Those of us with longer memories (or perhaps just longer lifespans) might remember the origins of the National Broadband Network (NBN). It was first announced as an election promise back in 2007, upon which construction began shortly afterwards.
There have been many ups and downs since, as well as a seismic disruption to the telecommunications landscape in Australia – as shareholders of Telstra Corporation Ltd (ASX: TLS) would know.
In building the NBN, the NBN Co required Telstra’s old telephony network of copper wires and ducts to lay the infrastructure required to underpin of the new fibre optic cable. The impacts of this sale have been immense for Telstra shareholders.
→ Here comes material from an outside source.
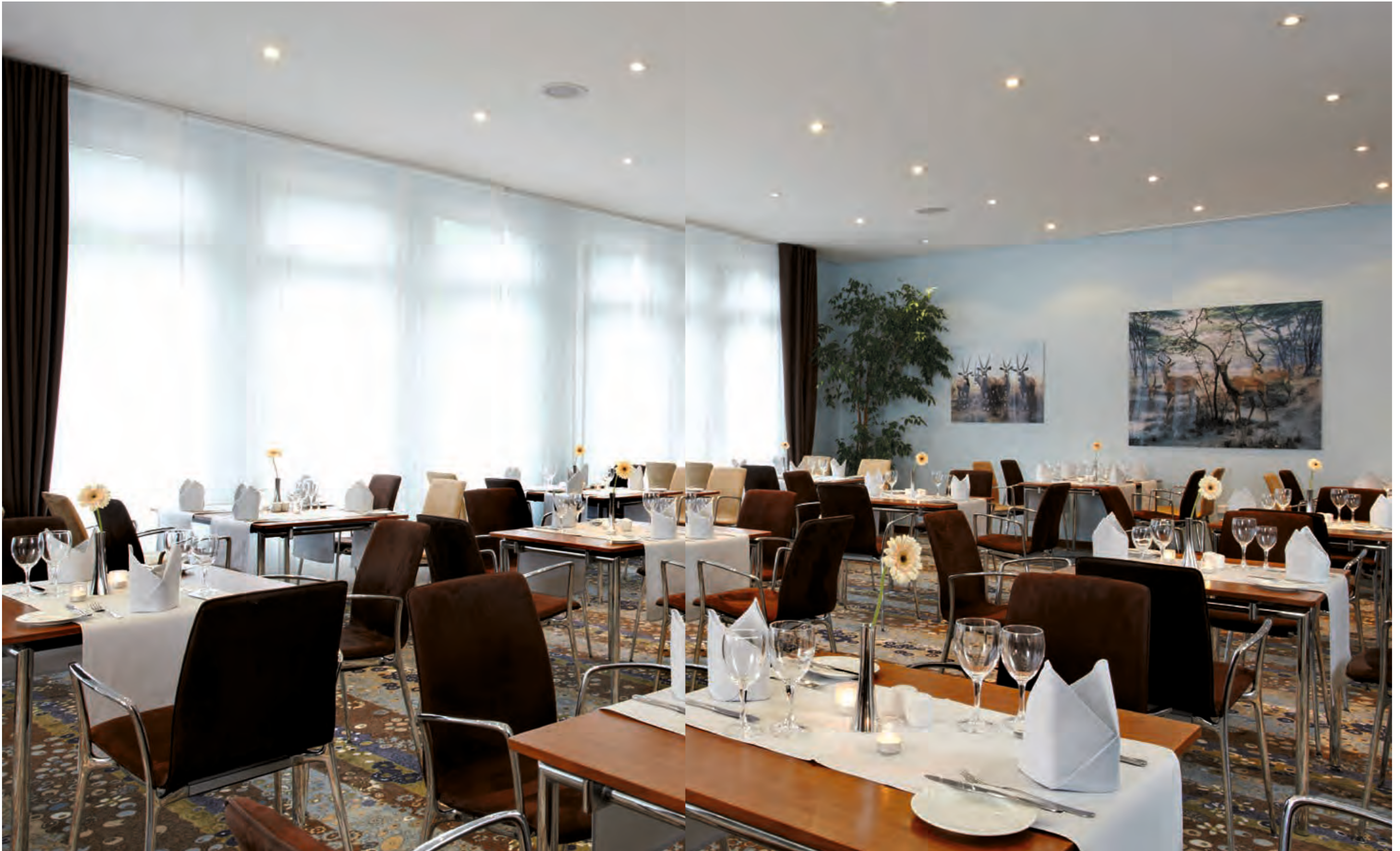
Das Team der Restaurantküche verwöhnt Sie sowohl mit typisch sächsischen als auch internationalen Spezialitäten.

Since Telstra could no longer both own a single national cabling network, and charge its competitors for the privilege of using it alongside it, the company is a lot smaller today than it used to be. Rewind the clock back to 2015 and Telstra was a company with a $6.60 share price, and about to pay an annual dividend of 32 cents a share.
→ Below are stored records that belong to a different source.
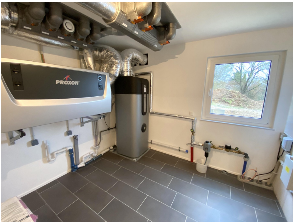
Technik- & Hauswirtschaftsraum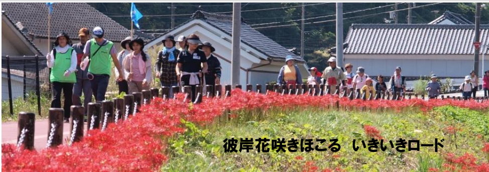
彼岸花咲きほこる いきいきロード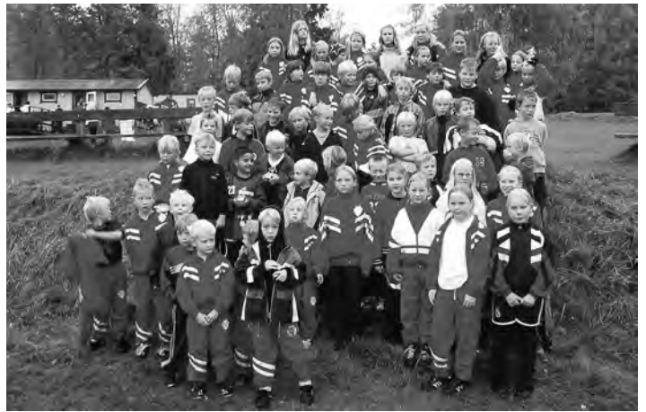
Fotbollsavslutning på Hagängens IP 2004. Mellösa IF har under decennier kunnat stoltsera med en mängd idrottsliga aktiviteter. Nu söker föreningen nytt folk för att kunna hålla föreningen vid liv.

engagemang i bygden som både har intresse och idéer hur Mellösa IF ska kunna leva vidare, skriver styrelsen och hoppas på ett stort engagemang och stor

Today, Telstra is a company with a share price of $3.01 (at the time of writing). Its investors have enjoyed just 16 cents per share in dividends in 2020.
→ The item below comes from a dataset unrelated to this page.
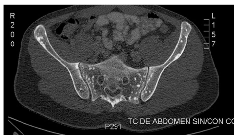
Figura 3 Tomografía computarizada.

Niño de 15 años presenta dolor en cadera derecha e impotencia funcional tras caída en bicicleta. Se realiza radiografía de caderas que no muestra fractura, pero se observa hallazgo radiológico accidental en articulación coxo-femoral (fig. 1).

But things could be coming full circle for Telstra.
Telstra calls NBN home
According to reporting in the Australian Financial Review (AFR), after almost 13 years, the federal communications minister has announced that the NBN is finally complete and “fully operational”. And that means that the NBN is one step closer to the government’s intended goal of privatisation.
According to the report, this declaration is one of 4 steps that the NBN will need to fulfil in order for a sale. The other steps reportedly include a lengthy Productivity Commission enquiry.
However, the AFR reports that, in a rather poetic turn of events, Telstra is the leading contender to buy the NBN back off the government when it does get the final green light for sale. There are likely to be competitors for the NBN such as superannuation funds.
But the AFR notes that any future owner that isn’t Telstra would have to pay up every year to keep using Telstra’s infrastructure, as the NBN does today. That means Telstra would be the only bidder without this handicap to overcome. As such, Telstra is considered the frontrunner.
Well, it won’t exactly be ‘Telstra’ owning the NBN, rather Telstra’s infrastructure division InfraCo. The report tells us that if Telstra did decide to bid, “the Australian Competition and Consumer Commission has been clear it would have to separate [InfraCo] from Telstra and become its own standalone company”.
So perhaps Telstra shareholders have a spin-off to look forward to at some point in the next few years. If the report is to be believed of course. Something for Telstra shareholders to keep in mind!